Die andere ist, wer entscheidet, dass die Schweiz Massnahmen gegen zu starke
Einwanderung ergreifen darf. Wir werden sehen, was wir in den Gesprächen mit der
EU aushandeln können - es wird ein Kompromiss sein. Sind quantitative Kriterien
drin, ist die Lösung wirklich gut und verfassungskonform. Ohne diese Kriterien wäre
sie wohl nicht verfassungskonform, doch hätten wir wenigstens einen Gewinn an
Rechtssicherheit. Das müsste man abwägen: Will man eine wortgetreue Umsetzung
der Initiative, oder geht man den Weg, der die grösste Rechtssicherheit bietet?
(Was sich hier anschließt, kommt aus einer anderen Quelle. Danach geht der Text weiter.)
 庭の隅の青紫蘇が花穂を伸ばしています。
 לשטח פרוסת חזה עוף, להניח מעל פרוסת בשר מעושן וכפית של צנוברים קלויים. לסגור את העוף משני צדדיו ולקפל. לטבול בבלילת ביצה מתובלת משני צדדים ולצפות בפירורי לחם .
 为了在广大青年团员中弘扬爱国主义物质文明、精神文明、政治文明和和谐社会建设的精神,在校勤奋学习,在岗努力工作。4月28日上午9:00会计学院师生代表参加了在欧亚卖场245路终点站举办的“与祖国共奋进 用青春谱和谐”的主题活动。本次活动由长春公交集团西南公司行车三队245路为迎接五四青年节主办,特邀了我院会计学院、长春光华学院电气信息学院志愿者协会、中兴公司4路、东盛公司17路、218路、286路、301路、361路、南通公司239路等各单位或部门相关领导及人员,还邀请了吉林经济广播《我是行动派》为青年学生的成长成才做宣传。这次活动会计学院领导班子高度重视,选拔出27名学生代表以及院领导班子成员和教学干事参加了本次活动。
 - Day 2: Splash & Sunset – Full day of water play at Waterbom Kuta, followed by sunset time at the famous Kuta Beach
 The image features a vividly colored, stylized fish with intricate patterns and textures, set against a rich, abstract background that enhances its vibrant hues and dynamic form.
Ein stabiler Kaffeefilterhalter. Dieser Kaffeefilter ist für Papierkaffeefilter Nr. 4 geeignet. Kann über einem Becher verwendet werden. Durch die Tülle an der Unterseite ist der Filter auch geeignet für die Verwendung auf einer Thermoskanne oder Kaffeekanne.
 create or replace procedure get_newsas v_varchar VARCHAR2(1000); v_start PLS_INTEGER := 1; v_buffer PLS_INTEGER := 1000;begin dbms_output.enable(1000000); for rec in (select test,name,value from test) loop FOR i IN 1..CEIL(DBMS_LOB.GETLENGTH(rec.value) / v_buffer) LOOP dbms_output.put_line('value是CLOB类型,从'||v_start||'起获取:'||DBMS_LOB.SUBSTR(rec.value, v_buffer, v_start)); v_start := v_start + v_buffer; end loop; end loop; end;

Für
mich ist die Rechts- und Planungssicherheit sehr wichtig, denn sie stärkt unsere
Unternehmen und die Perspektiven für die nächsten Generationen.
In den Beschlüssen des Bundesrats vom Freitag steht nichts mehr von einem
institutionellen Rahmenabkommen mit der EU. Ist Ihr Traum, mit einem
umfassenden Vertragspaket die Bilateralen für 20 Jahre zu sichern, geplatzt?
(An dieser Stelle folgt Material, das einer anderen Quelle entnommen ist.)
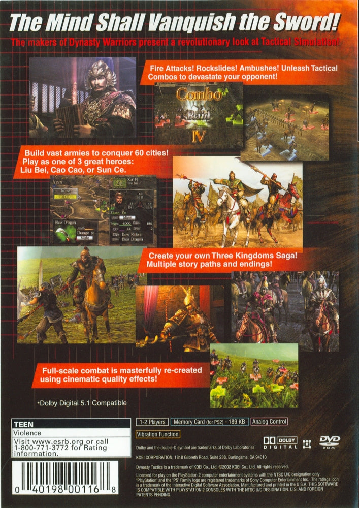 Experience the strategic brilliance of ancient warfare with "Dynasty Tactics" for the PS2, where history and strategy collide in an epic battlefield encounter. Immerse yourself in a dynamic tactical gameplay experience set during the tumultuous Three Kingdoms period of Chinese history. As a master tactician, you'll command legions of warriors, implement ingenious strategies, and forge alliances to secure victory. The game's richly detailed graphics and engaging storyline offer an unparalleled depth, capturing both the excitement and the complexity of ancient military campaigns. Designed for both newcomers and veteran strategy enthusiasts, "Dynasty Tactics" challenges players to think critically and plan ahead to conquer their enemies and achieve ultimate dominance.
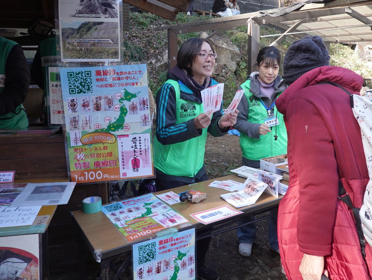 毎年新しい試みをしよう!と、今回は全国で廃線再生に挑む官民各グループと連携して“ご朱印”ならぬオリジナルの「廃線印」を作って販売しました。フタを開けると想像を絶する人気となり、用意した数量が2日で完売、急遽再注文するなど
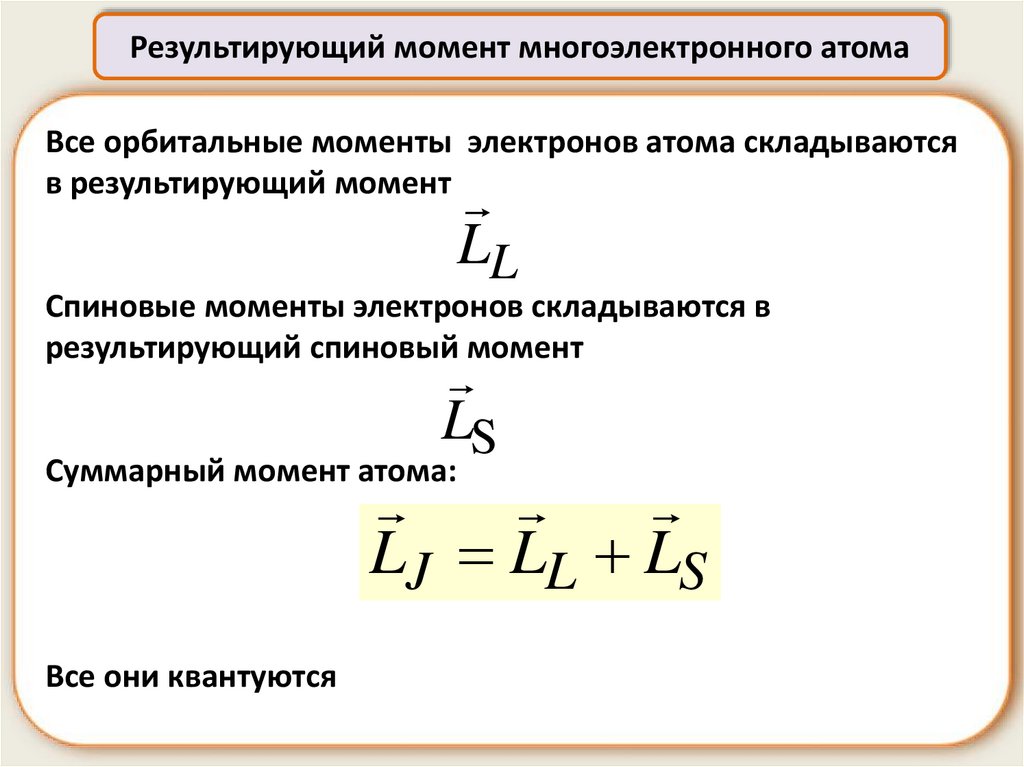 Результирующий момент многоэлектронного атомаВсе орбитальные моменты электронов атома складываются
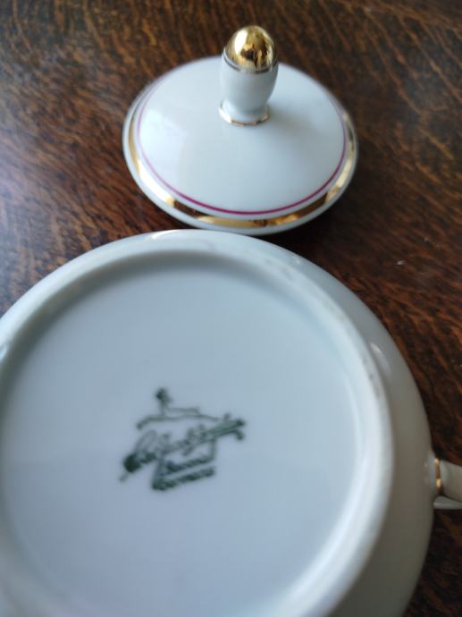 Retro set iz kvalitetnega porcelana Bavaria, z zlato in bordo dekoracijo na obodu,
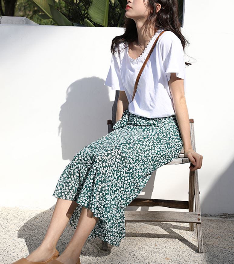 ホワイトの小花柄がガーリなスカート♪
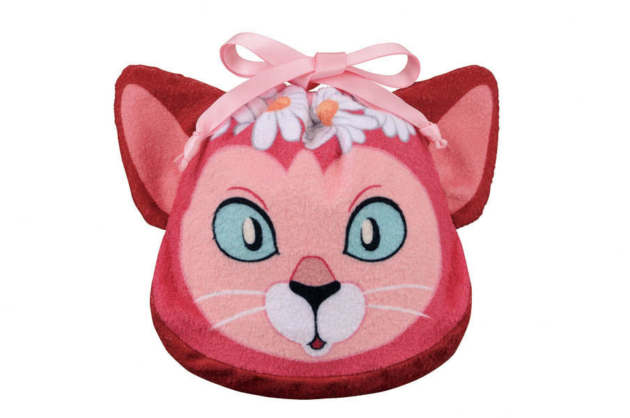 アリスの飼い猫「ダイナ」をデザインした、巾着タイプのポーチ。ふわふわ生地を使用。
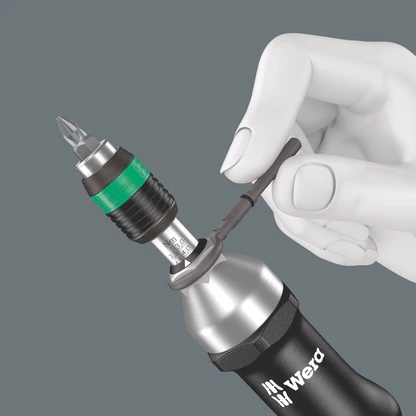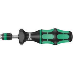 Wera torque screwdriver. Kraftform pistol handle for particularly high torque transfer, multi-component for high working speeds and particularly ergonomic screwdriving. Variable torque setting option with highest precision. Simple adjustment of the required torque value without any special tools. Easy-to-read scale value. Rapidaptor quick-release technology for rapid bit change. Unlimited torque to loosen seized screws. Multi-component Kraftform handle with hard and soft zones for high working speeds, whilst being easy on the hand. Suitable for bits with ¼" hexagon head drive as per DIN ISO 1173-C 6.3 and E 6.3 (ISO 1173).
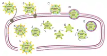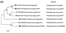 Most identified cystoviruses infect Pseudomonas species, but this is likely biased due to the method of screening and enrichment.[6] The type species is Pseudomonas virus phi6, but there are many other proposed members of this family. Pseudomonas viruses φ7, φ8, φ9, φ10, φ11, φ12, and φ13 have been identified and named,[5] but other cystovirus-like viruses have also been isolated.[6] These seven putative relatives are classified as either close (φ7, φ9, φ10, φ11) or distant (φ8, φ12, φ13) relatives to φ6,[5] with the distant relatives thought to infect via the LPS rather than the pili.[7]
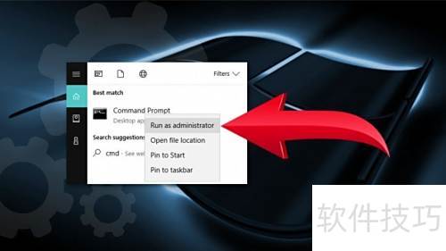 28、 右键点击条目,选择以管理员身份运行命令提示符。
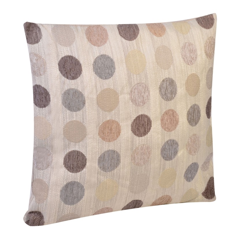 Декоративна възглавница с цип, изработена от полиестер в бежов цвят с принт на сиви и кафяви точки.
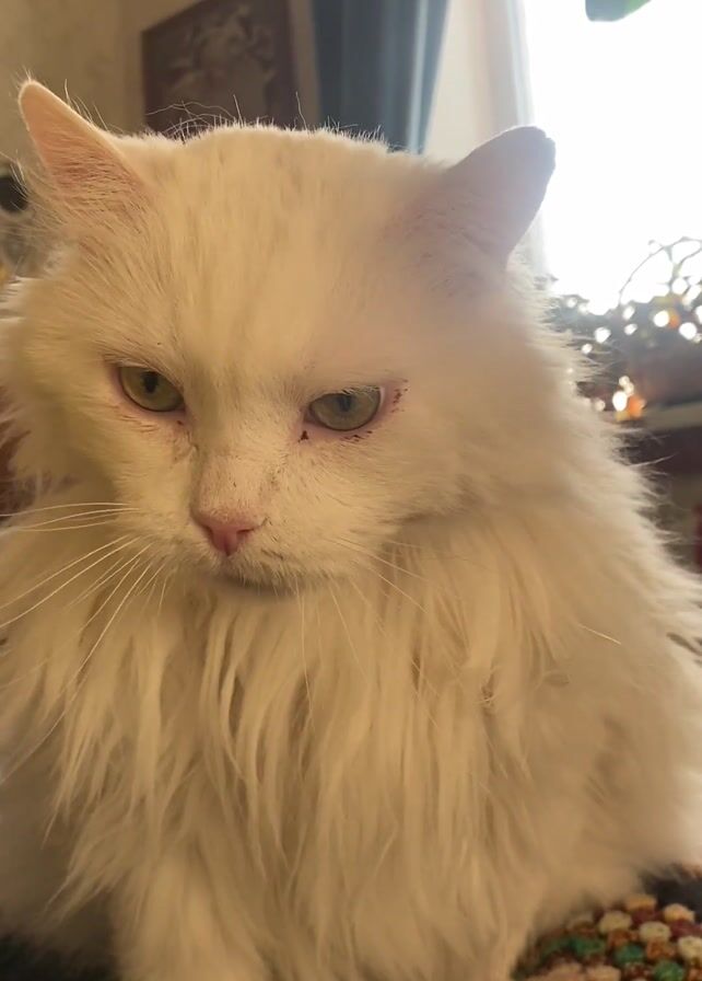 long-haired, white cat sitting on a multicolored crocheted blanket. The cat's eyes are a light yellow-green and it has a pink nose. In the background, there is a window with a blue curtain, a plant on a table, and a framed picture on the wall. The cat is looking downwards and slightly to the left. It meows at the beginning of the video.

Nein, wir verhandeln weiter über die institutionellen Fragen, auch diese Woche
gerade wieder. Aber das Rahmenabkommen ist nicht so dringend wie die Frage der
Personenfreizügigkeit. Hier muss es nun schnell gehen.
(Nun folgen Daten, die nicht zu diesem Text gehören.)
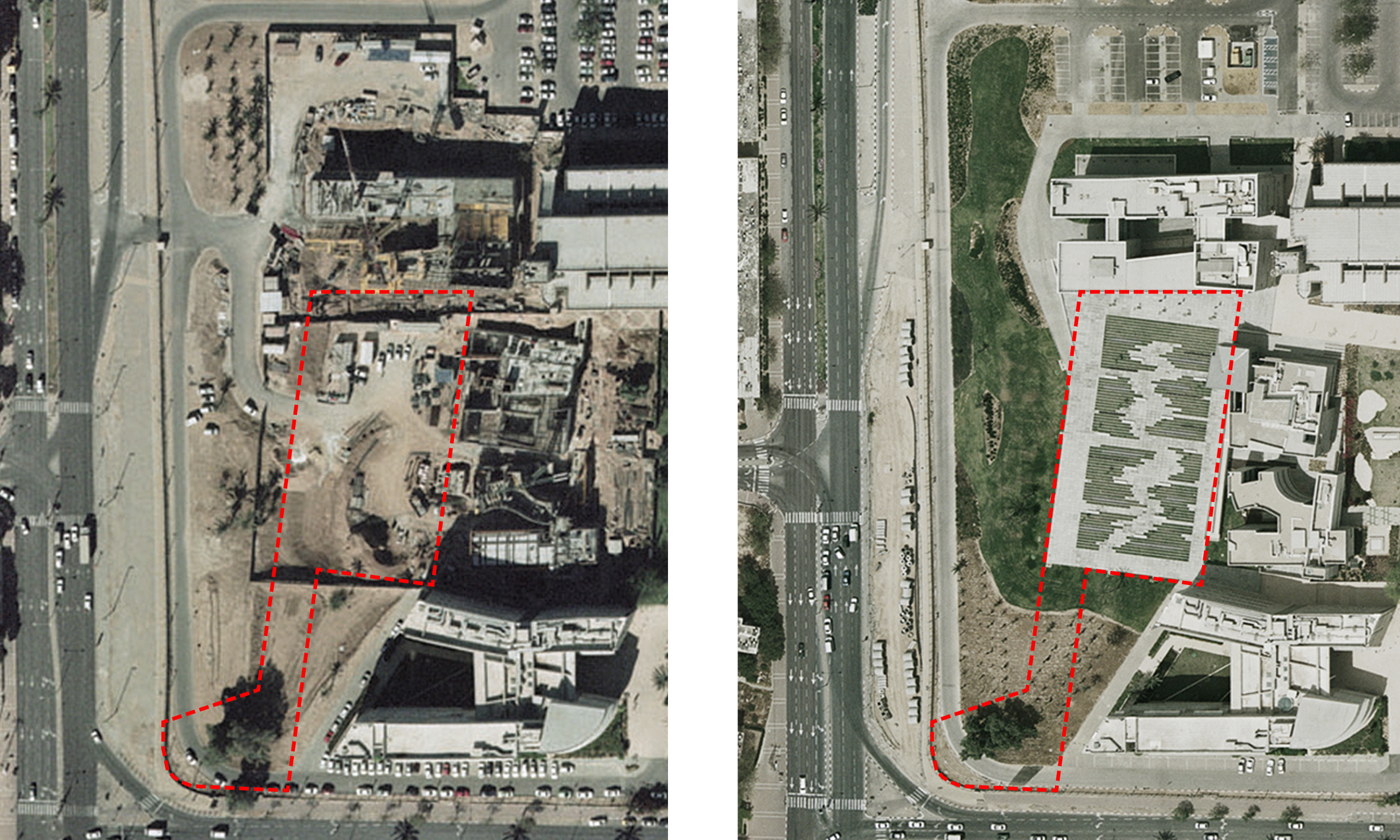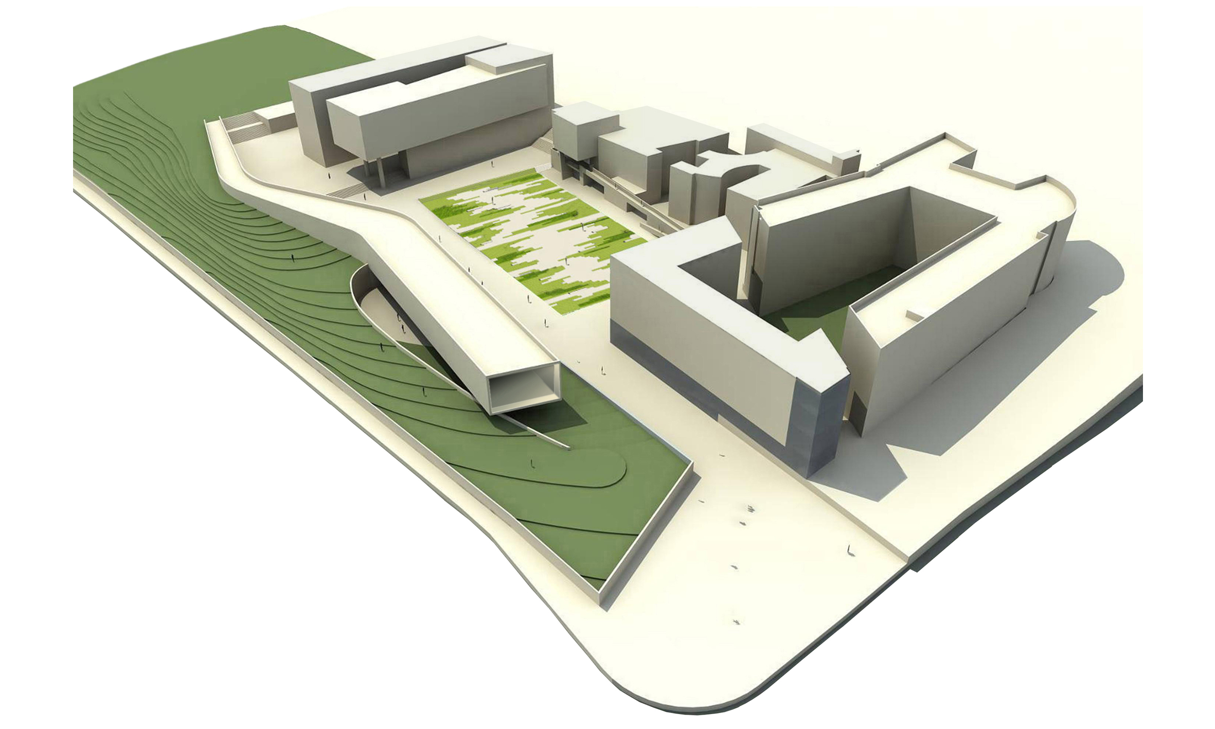 Ben-Gurion University of the Negev is a developing university campus in Beer-Sheva, a city in Israel’s south. Since the university plays an important role in the city both as an employer and as a center of culture, pedestrian access to it is very important. Deichmann Square and the University Gallery next to it have been planned as a single complex, as part of the project of building the university’s façade facing Beer-Sheva’s main avenue. The square is encompassed on three sides by existing three to four-story academic buildings and the planned two-story Gallery. The oblong area between the buildings encompassing the square measures 47x86 meters, and the square inside this area measures 34x70 meters. The buildings around the square contain activities that are intended to serve the city’s community and to acquaint it with the university’s life, and the square has been planned as part of a new entrance to the campus in order to strengthen the connection between the campus and the city.

Welche Reaktionen erwarten Sie von den EU-Staaten auf den Vorschlag des
Bundesrates?
Ich habe mit vielen Aussenministern aus der EU schon im Vorfeld unseres
Entscheids gesprochen. Ich habe ihnen unser Vorgehen erklärt und sie darauf
hingewiesen, dass wir eine einvernehmliche Lösung wünschen und mit aller Kraft
darauf hinarbeiten.
Und wie haben sie reagiert?
Stets gleich: Dass auch sie sich eine einvernehmliche Lösung mit der Schweiz
wünschen, die Hauptgrundsätze der Personenfreizügigkeit für sie aber nicht
verhandelbar seien.
Am Freitag hat die Schweiz das Protokoll zur Ausweitung der
Personenfreizügigkeit auf Kroatien unterzeichnet. Ist die Teilnahme an den EUForschungsprogrammen gesichert?
Das hängt auch vom politischen Willen ab. Indem wir mit Kroatien vorwärtsmachen,
ist eine Bedingung der EU erfüllt. Aber es braucht auch eine Lösung bei der
Personenfreizügigkeit. Je nach dem müssen wir sehen, ob es eine weitere
Zwischenlösung braucht. Bei der Forschungszusammenarbeit darf man auch nicht
meinen, nur die Schweiz wünsche sich etwas von der EU. Denn in der
Spitzenforschung geht es um den Wettbewerb der Kontinente. In diesem
Wettbewerb kann die EU vom Beitrag der Schweizer Forscher sehr stark profitieren,
das zeigen alle verfügbaren Kennzahlen. Es ist also auch im Interesse Brüssels, mit
uns in den Forschungsprogrammen zu arbeiten.